Need I say any more about why I now live in Florida and not no longer in NY.


----------



## Mish (Nov 5, 2013)

At what point would you be ok with someone's permit being revoked? Any mental illnesses? Or are you against them ever being revoked?


----------



## rjd25 (Nov 27, 2014)

Mish said:


> At what point would you be ok with someone's permit being revoked? Any mental illnesses? Or are you against them ever being revoked?


According to the new law passed in NY, a doctor or a NURSE can deem someone mentally unfit to possess firearms. They are also immune from civil liability in this capacity. I think that is too much unchecked authority for someone to have.

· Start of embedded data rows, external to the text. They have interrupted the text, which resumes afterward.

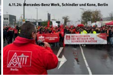
4.11.24: Mercedes-Benz Werk, Schindler and Kone, Berlin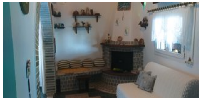
Wohnbeispiel mit Kamin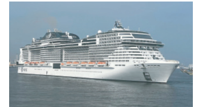
▶ MSC BELLISSIMA が入港

『クルーズ客船の受け入れ』：新型コロナウイルス感染症拡大の影響により、外国籍船の運航が休止されてきたが、今年3月、3年ぶりとなる国際クルーズの受け入れが再開しています。日本籍船・外国籍船の神戸への寄港はもとより、クルーズの発着港となれば地域経済への波及効果が大きいと考えています。発着港としての客船誘致に力を入れるべき、と質疑しました。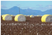
收割後打包的棉花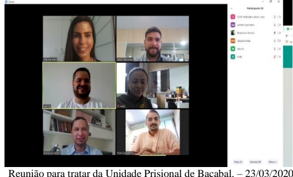
Reunião para tratar da Unidade Prisional de Bacabal. – 23/03/2020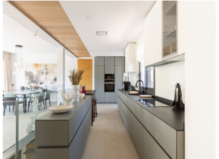
Cocina de alta calidad

That is all ancillary to the bigger constitutional issue of limiting magazines to 10 rounds, arbitrarily classifying weapons with cosmetic features as "assault weapons" and banning weapons that are used for self defense and in common use throughout the country. When/If SHTF and governments cannot provide for their citizens, their laws will no longer apply and you will be left to fend for yourself and defend your families. If you are a NY resident (or CT for that matter) you will be fighting with two hands behind your back because of these policy decisions. This is "feel good" legislation that was jammed through with no public input and the whole thing should be tossed by the Supreme Court as being unconstitutional.


----------



## csi-tech (Apr 13, 2013)

In most states you have to be adjudicated as mentally ill in order to have the privilege of owning or possessing a gun rescinded. I don't believe a nurse or doctor should be able to do that. I think they can present their argument to a judge like everyone else. In exigent circumstances with a suicidal person the Police should log the weapons into personal property with a hold pending that adjudication.


----------